An officer without Noise who can hide in the dark.
He takes a step forward and we see his face. He’s got a smile on over the cigarette, an ugly one, the ugliest I’ve ever seen.
“You?” he says, recognition in his voice as he gets nearer.
As he raises his rifle.
“Yer the girl,” he says, looking at me.
“Viola?” Maddy whispers, a step behind me and to my right.
“Mayor Prentiss knows me,” I say. “You won’t harm me.”
He inhales on the cigarette, flashing the ember, making a streak against my vision. “President Prentiss knows you.”
Then he looks at Maddy, pointing at her with the rifle.
“I don’t reckon he knows you, tho.”
And before I can say anything–
Without giving any kind of warning–
As if it was as natural to him as taking his next breath–
Sergeant Hammar pulls the trigger.
[TODD]
“Your turn to do the bog,” Davy says, throwing me the canister of lime.
We never see the Spackle use the corner where they’ve dug a bog to do their business but every morning it’s a little bit bigger and stinks a little bit more and it needs lime powdered over it to cut down on the smell and the danger of infeckshun.
I hope it works better on infeckshun than it does on smell.
“Why ain’t it never yer turn?” I say.
“Cuz Pa may think yer the better man, pigpiss,” Davy says, “but he still put me in charge.”
And he grins at me.
I start walking to the bog.
The days passed and they kept passing, till there was two full weeks of ’em gone and more.
I stayed alive and got thru.
(did she?)
(did she?)
Davy and I ride to the monastery every morning and he “oversees” the Spackle tearing down fences and pulling up brambles and I spend the day shovelling out not enough fodder and trying and failing to fix the last two water pumps and taking every turn to do the bog.
The Spackle’ve stayed silent, still not doing nothing that could save themselves, fifteen hundred of ’em when we finally got ’em counted, crammed into an area where I wouldn’t herd two hundred sheep. More guards came, standing along the top of the stone wall, rifles pointed twixt rows of barbed wire, but the Spackle don’t do nothing that even comes close to threatening.
They’ve stayed alive. They’ve got thru it.
And so has New Prentisstown.
Every day, Mayor Ledger tells me what he sees out on his rubbish rounds. Men and women are still separated and there are more taxes, more rules about dress, a list of books to be surrendered and burned, and compulsory church attendance, tho not in the cathedral, of course.

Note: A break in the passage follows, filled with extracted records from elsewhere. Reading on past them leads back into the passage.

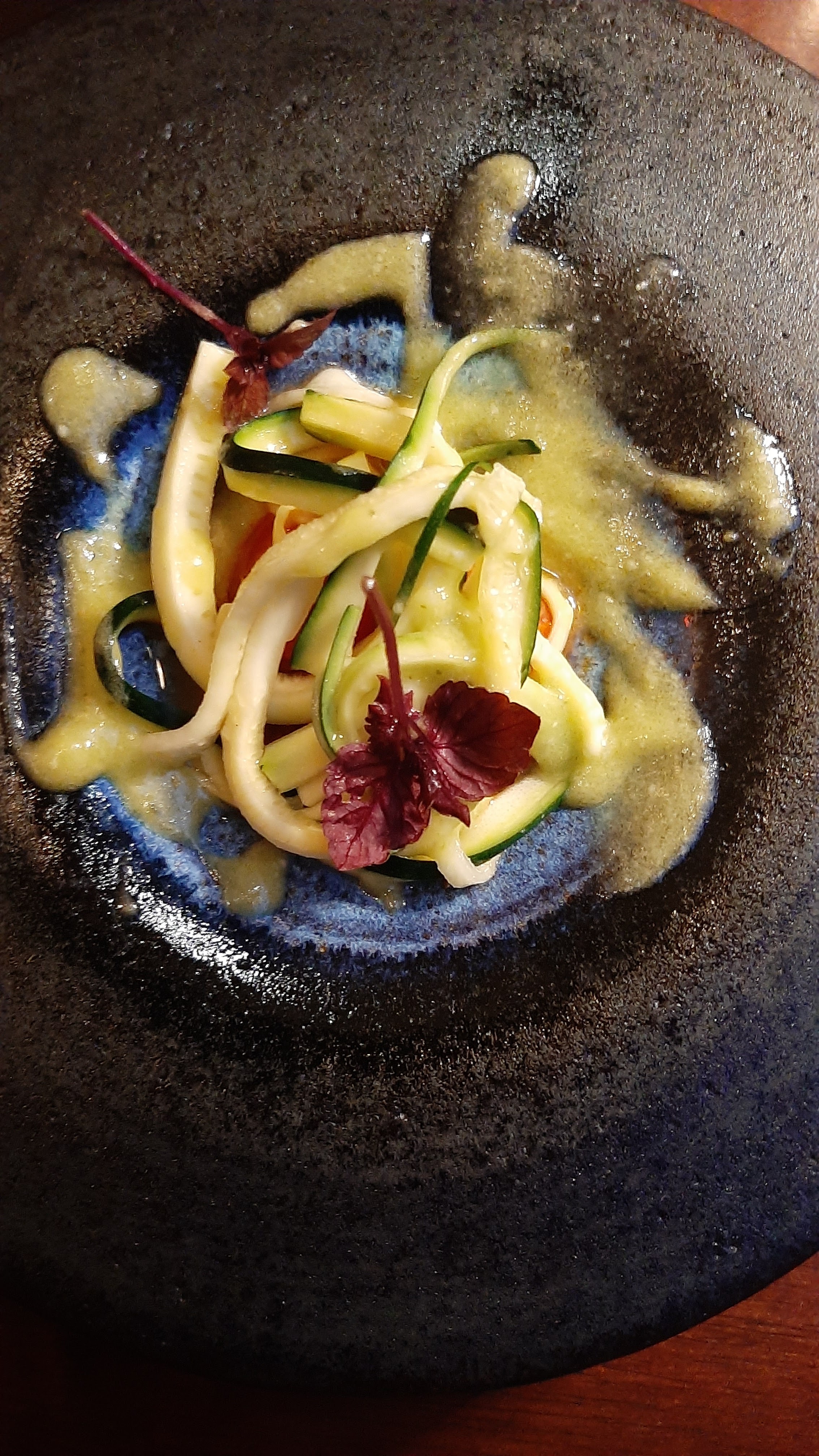 Une expérience gustative incroyable, dans un cadre chaleureux et cosy. Un accueil bienveillant, simple, on se sent bienvenu dès les premiers instants. Et surtout une ligne directrice tant dans la cuisine, les vins que dans le service... Merci à mon ami qui m'avait conseillé d'y aller les yeux fermés et de me laisser guider... Bravo. Et une spéciale admiration pour le chef, qui pousse sa vision et son don de la cuisine jusqu'à réaliser lui-même tous les plats de service sur son tour de poterie, à ses heures perdues.......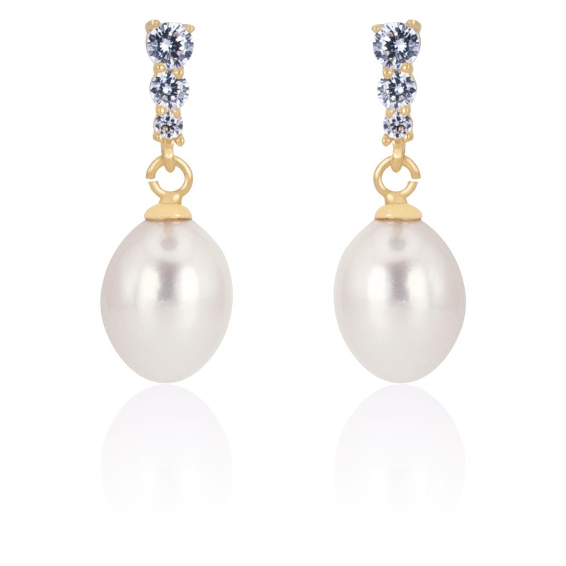- Indulge in the luxurious beauty of our 18K Gold Plated 925 Sterling Silver Fresh Water 9mm Cultured Pearl Cubic Zirconia Earrings. These stunning earrings feature a 9mm freshwater cultured pearl and a sparkling cubic zirconia stone, both set in high-quality 925 sterling silver and plated with gold.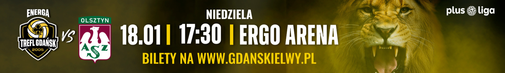 Już w niedzielę, 18 stycznia o 17:30 Energa Trefl Gdańsk podejmie Indykpol AZS Olsztyn w kolejnym domowym meczu PlusLigi. "Gdańskie lwy" będą chciały przy wsparciu kibiców obronić niezdobytą w tym sezonie ERGO ARENĘ i dopisać do tabeli kolejne ważne punkty. Bądź częścią tego wydarzenia - już dziś kup bilet na www.gdanskielwy.pl i wspieraj gdański zespół z trybun.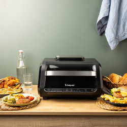 Air Fryer и скара 8в1 Beper P101FRI080 е мултифункционален кухненски уред, който използва технология горещ въздух, за да приготвя храната по-здравословно, без да се използва много или никаква мазнина. Уредът има мощност 1700W и вместимост от 3.8 литра, което е достатъчно за приготвяне на храна за цялото семейство.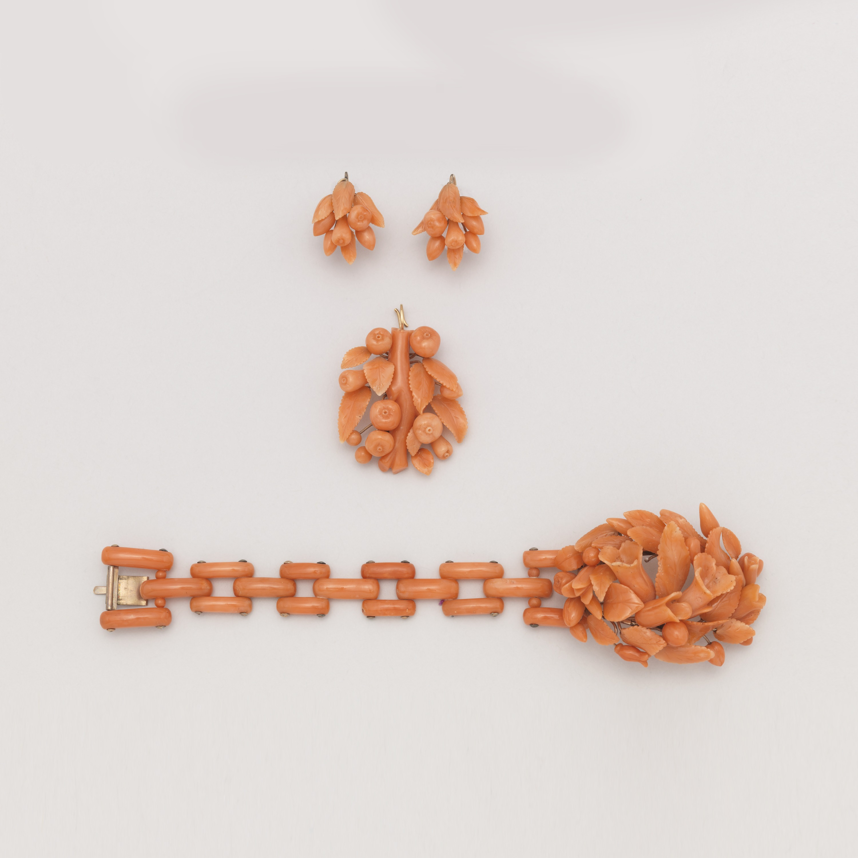 This is a bracelet. It is dated ca. 1870 and we acquired it in 1946. Its medium is coral, gold. It is a part of the Product Design and Decorative Arts department.

But it’s also started to act like a real town again. The stores are back open, carts and fissionbikes and even a fissioncar or two are back on the roads. Men’ve gone back to work. Repairmen returned to repairing, bakers returned to baking, farmers returned to farming, loggers returned to logging, some of ’em even signing up to join the army itself, tho you can tell who the new soldiers are cuz they ain’t been given the cure yet.

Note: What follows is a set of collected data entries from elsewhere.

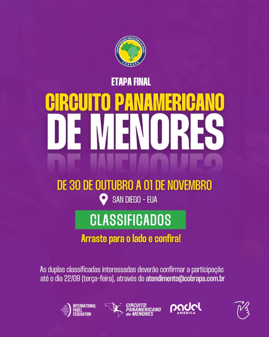 *As duplas classificadas interessadas deverão enviar um e-mail para atendimento@cobrapa.com.br confirmando a participação até 22/09.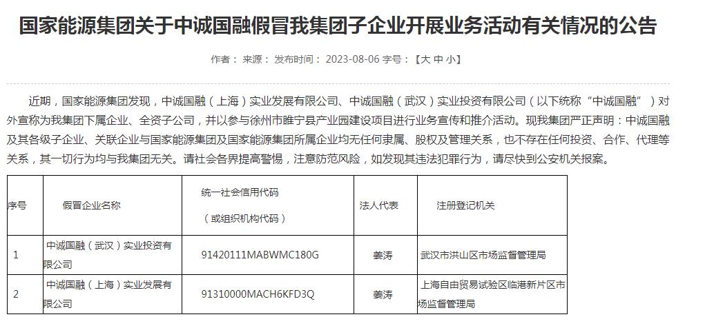 8月6日,國家能源集團(tuán)發(fā)布了關(guān)于中誠國融假冒集團(tuán)子企業(yè)開展業(yè)務(wù)活動(dòng)有關(guān)情況的公告。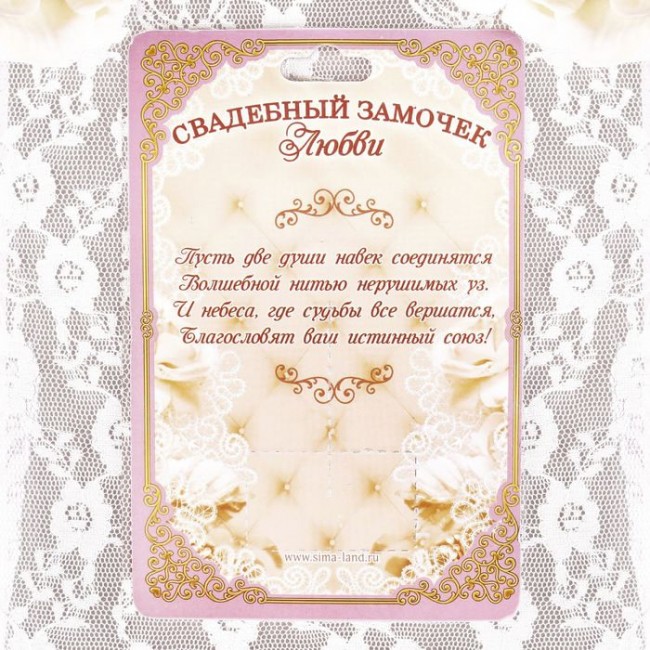 Традиция скреплять союз замочком любви так популярна среди молодожёнов, что теперь в любом городе земного шара есть мост с этими аксессуарами. Сувенир символизирует бесконечную любовь, крепкую и счастливую семью. Ритуал совместного закрытия станет прекрасным дополнением вашего особенного дня.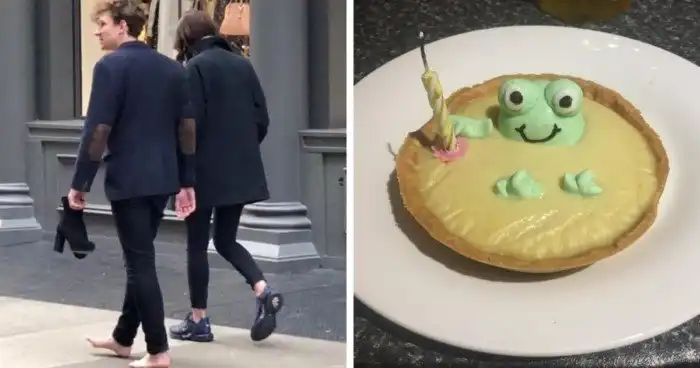 Этот парень отдал девушке свои ботинки, так как её обувь натёрла её ноги
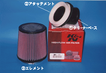 部品は@クリーナーベースとAアタッチメントとBエレメントです。 ノーマルのエアクリーナーは集塵効果が高いので、エンジン保護のためにも、 普段はノーマルエアクリーナーの使用をお勧めします。

“You know,” Mayor Ledger said one night and I could see it in his Noise before he said it, see the thought forming, the thought I hadn’t thought myself, the thought I hadn’t let myself think. “It’s not nearly as bad as I thought,” he said. “I expected slaughter. I expected my own death, certainly, and perhaps the burning of the entire town. The surrender was a fool’s chance at best, but maybe he’s not lying.”